The birth of the modern computer in the 1940s allowed vast problems to be solved in an expedited manner. In these early years the use of computers, such as the Colossus, were restricted to military applications, such as for cracking German encrypted messages during the Second World War. Indeed Colossus, a machine running the equivalent of 5.8Mhz was an immense structure capable of simplistic, yet highly repetitive tasks. Skip forward over seventy years, the speed of CPUs has increased in excess of 5GHz, they are being grouped into clusters, and the applications they run are inherently more complex. The question we have to ask ourselves is whether a complex algorithm actually performs any better than a simple one?

Brute force = simplicity

In the early days of chess-playing programs, many of the algorithms were based on human inspired heuristics, and didn’t perform very well. In the late 1970’s, Ken Thompson and Joe Condon built Belle, the first chess playing computer,  which took advantage of what computers do best: searching through as many possibilities as they can as quickly as they can. IBMs Deep Blue, which played Garry Kasparov in 1997, worked on this principle of brute force. Deep Blue contained 480 special purpose chess chips and was capable of evaluating 200 million positions per second. Brute force, also known as exhaustive search, is a simple algorithm which tries every possible combination of candidates for a solution until the most appropriate is found.
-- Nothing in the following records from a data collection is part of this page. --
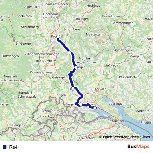 The first stop of the Re4 bus route is Tuttlingen Bahnhof Bstg A and the last stop is Radolfzell ZOB Bstg C. Re4 is operational during ежедневно.
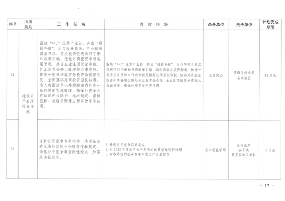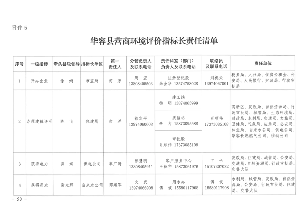 华容县优化营商环境工作领导小组关于印发《2023 年华容县打好优化发展环境持久仗工作任务分解表》《华容县营商环境改革创新案例和特色亮点工作》《华容县营商环境评价指标任务日标》、《华容县营商环境负面清单》《华容县营商环境指标长责任清单》的通知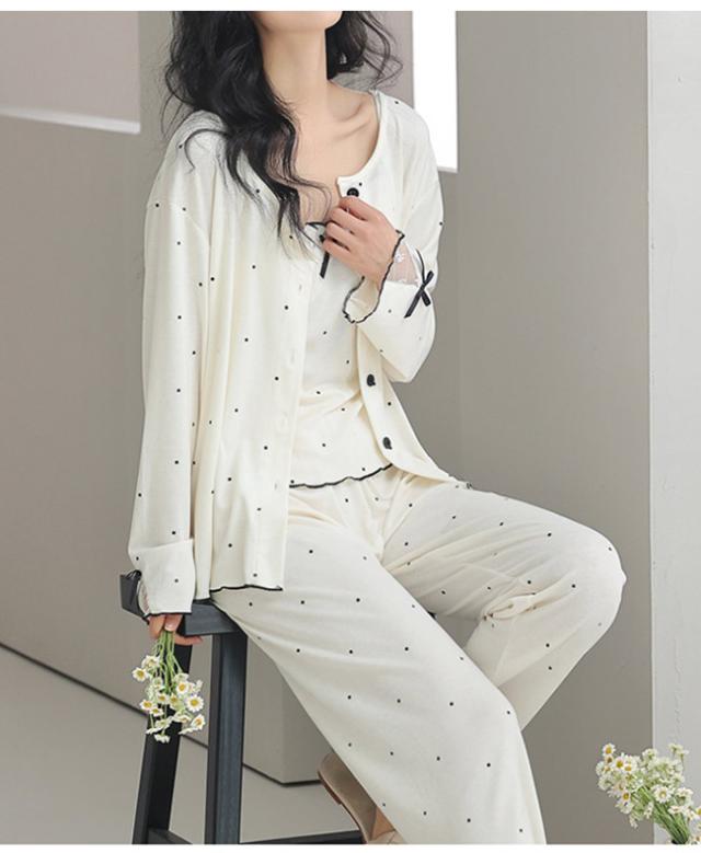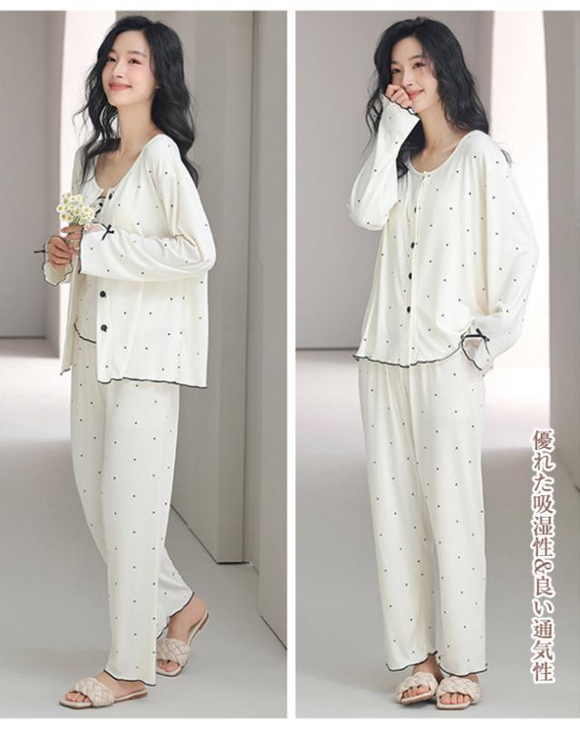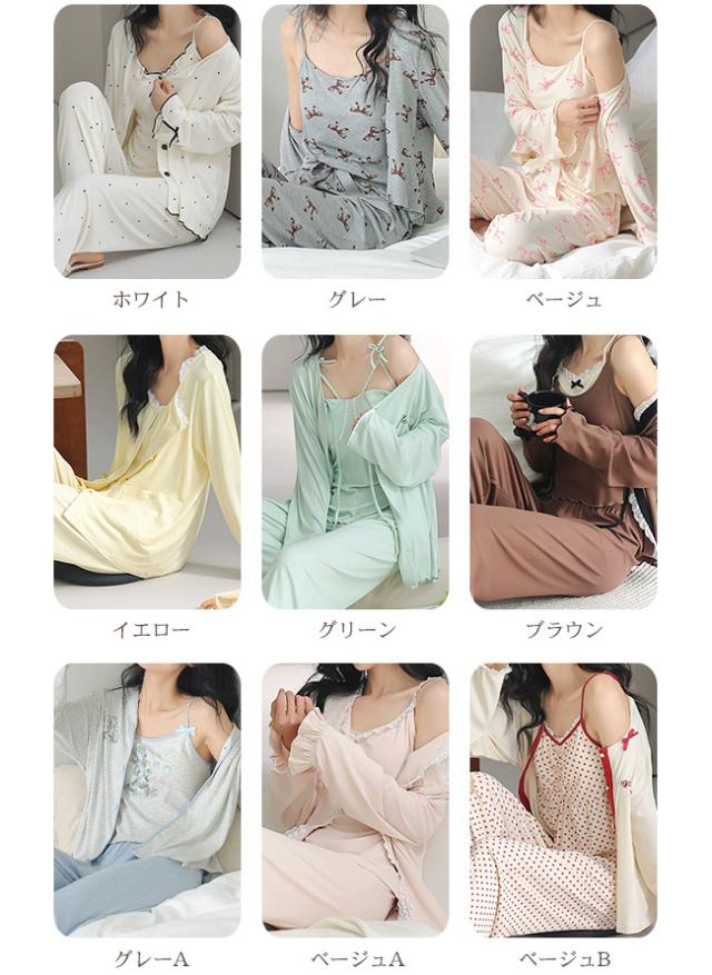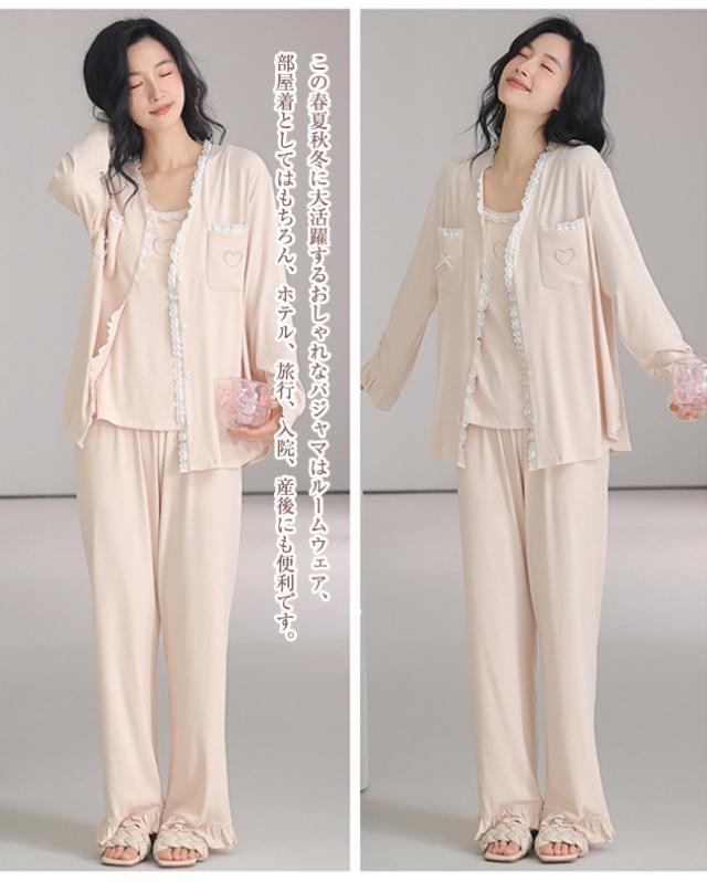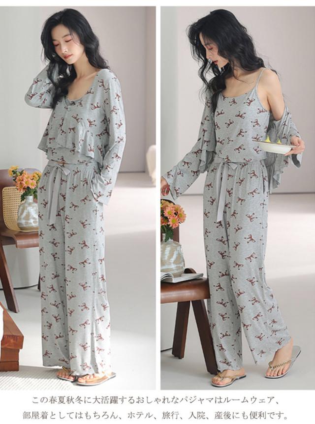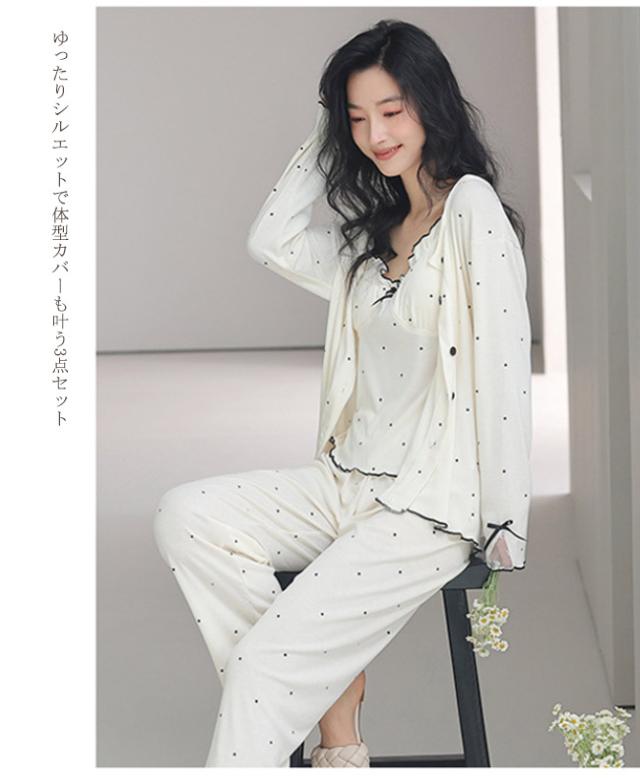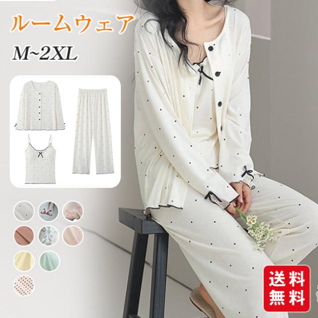 【 5% オフクーポン】新作 ルームウェア レディース カップ付き 3点セット パジャマ 寝巻き 部屋着 長袖 長パンツ パンツ ズボン キャミソール 上下セット セットアップ 通気性 可愛い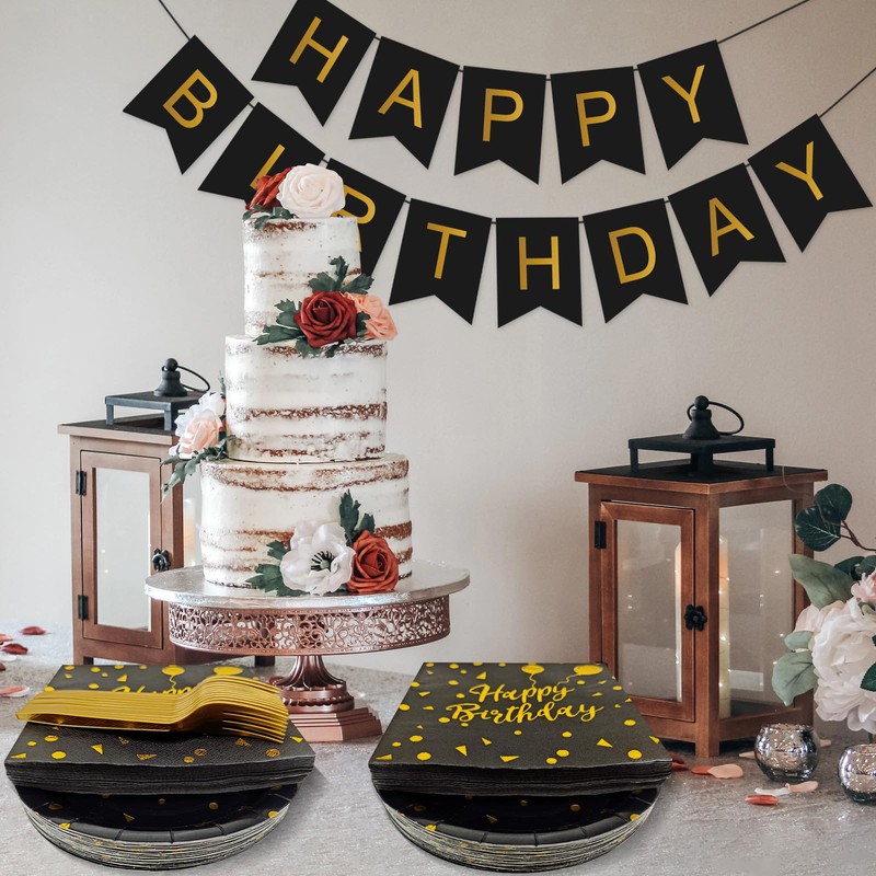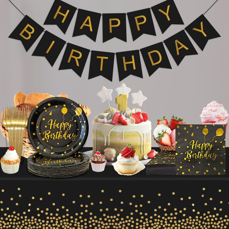 - The birthday party tableware is made of 350gsm thickened environmentally friendly paper,and the soak-proof layer on the surface,Cut resistant and Soak-Proof,black and gold birthday napkins are 2-ply,soft and absorbent.(NOTE: Do not microwave the disposable tableware)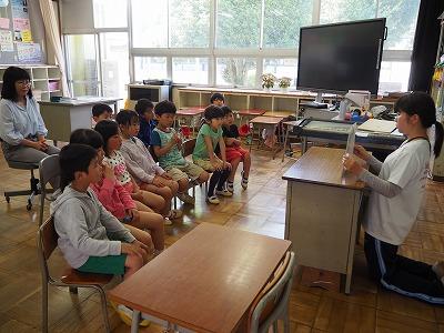 2年生が、1年生を案内するという形で「がっこうたんけん」を行いました。各教室をよく観察するために、特別な教室の入口には、「こうちょうしつには、いすがなんこあるでしょうか?」のように、2年生の作った問題が貼られており、それをクリアしながら各教室を回ります。また、保健室では、「養護の先生から、カットバンをもらう」などのミッションもありました。2年生のお兄さん、お姉さんが、とても大きく見えました。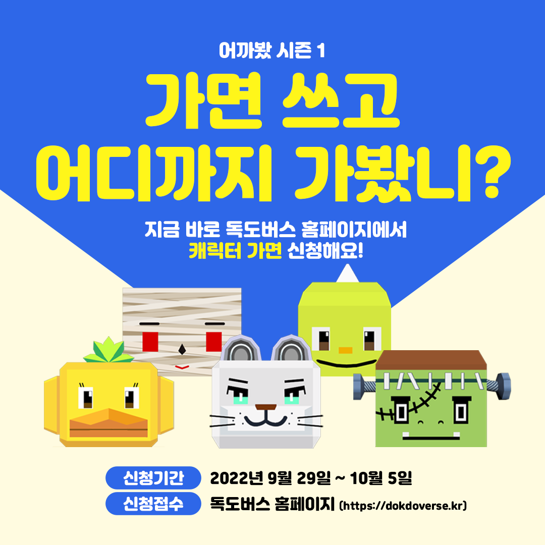 독도버스는 메타버스와 현실을 연결하는 이벤트를 굉장히 많이 하고 있는데, 지난 9~10월에는 독버 케릭터로 가면을 만들어 배포하기도 했다. 현재 독버 가면을 쓰고 '어디까지 가봤니' 이벤트를 진행 중이기도 하다. 이벤트는 독도버스 가면을 가지고 있는 사람들을 대상으로 했는데, 어디든 가서 인증을 하고 SNS에 올리면 응모된다.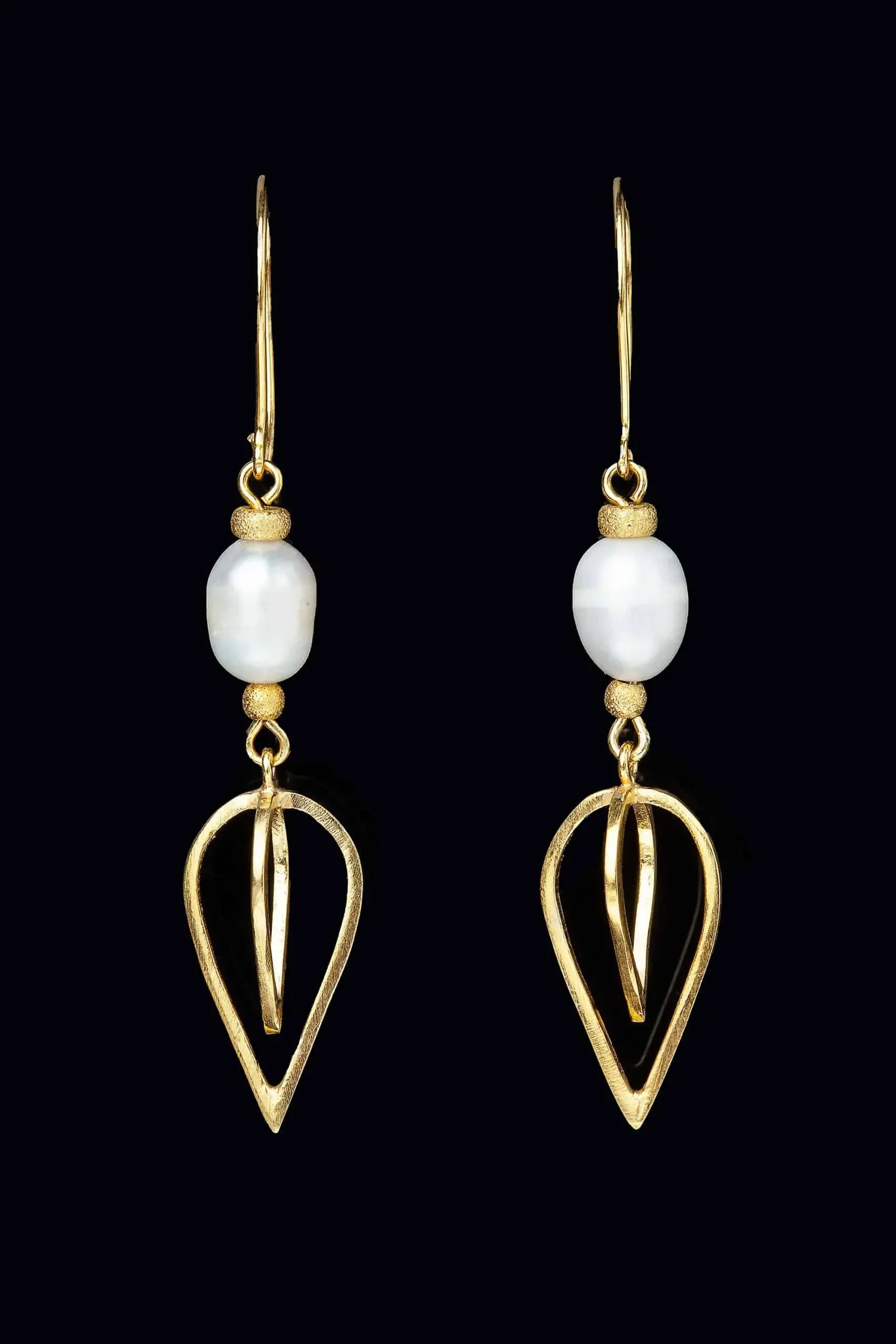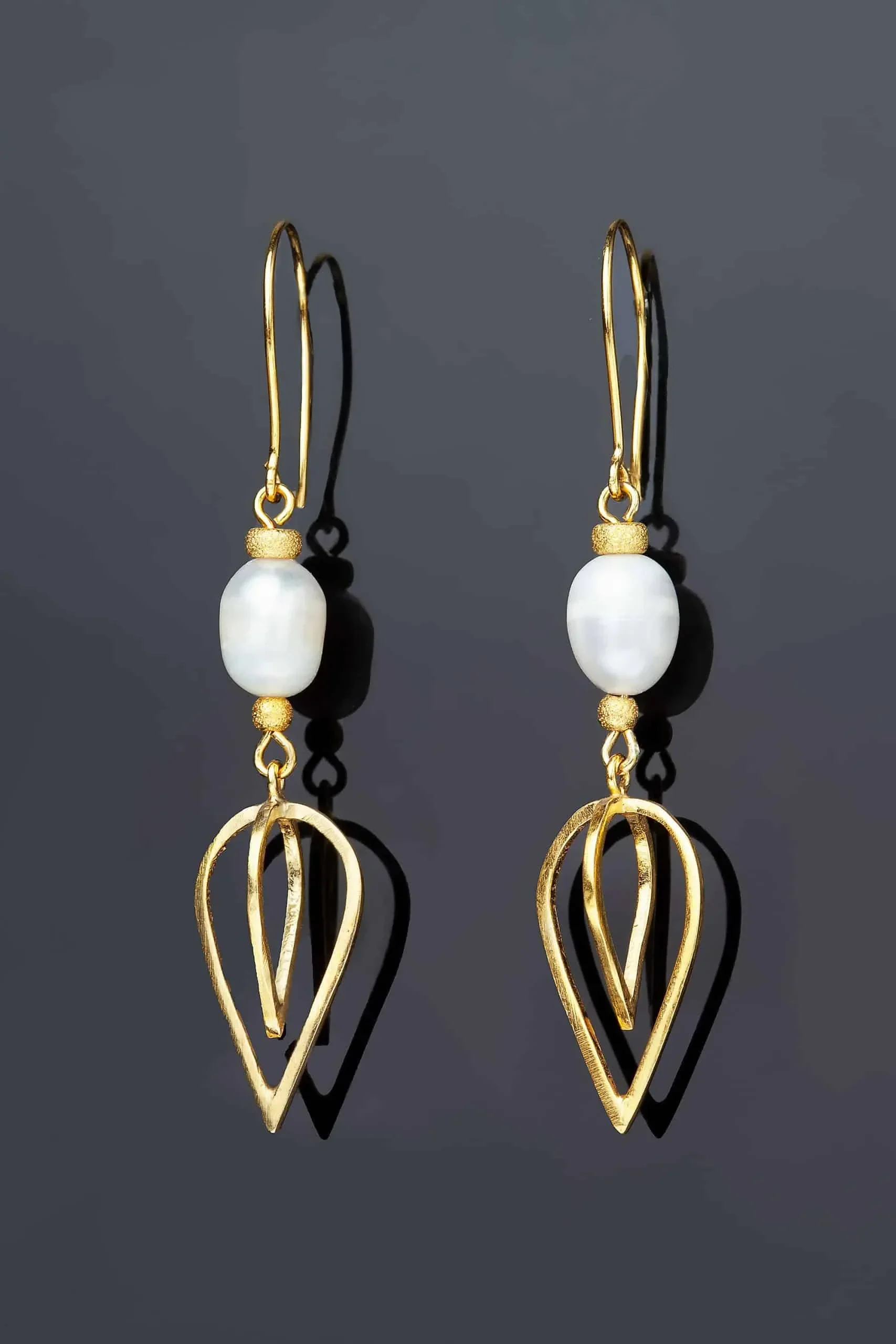 Σταγόνες ασημένια επίχρυσα σκουλαρίκια με μαργαριτάρια

There are situations where a simple algorithm is the best approach. A dictionary is sorted alphabetically, so a brute force approach to finding the word Templar would require testing every word from the letter a. Not the most efficient algorithm, but it is simple, and it does work. Were the dictionary unsorted, then brute force would likely be the best approach.

Consider the task of finding relevant images on flickrflickr is a visually-based social networking site devoted to photographs. It currently maintains in excess of two billion images, with 7-10 million new images added each day. The easiest way of searching for this information is by way of tags associated with each image. A tag is a non-hierarchical keyword assigned to an image. At the other end of the complexity spectrum is contentbased image retrieval (CBIR). It would ideally allow searches to be performed based on a keyword or a given image. The search would be performed, by matching information extracted from the content of each of the images in the database. The problem with CBIR is the complexity involved in extracting relevant information from images. A human can look at a photograph and intrinsically find objects within the image, and easily identify the context of the photograph, a computer can not. A computer must partition an image into what it considers relevant objects, extract information on those objects and try and make some prediction about what is in the image based on its knowledge base. By trying to model algorithms on the basis of the human visual system, we are adding complexity to the problem, and building algorithms which may never work.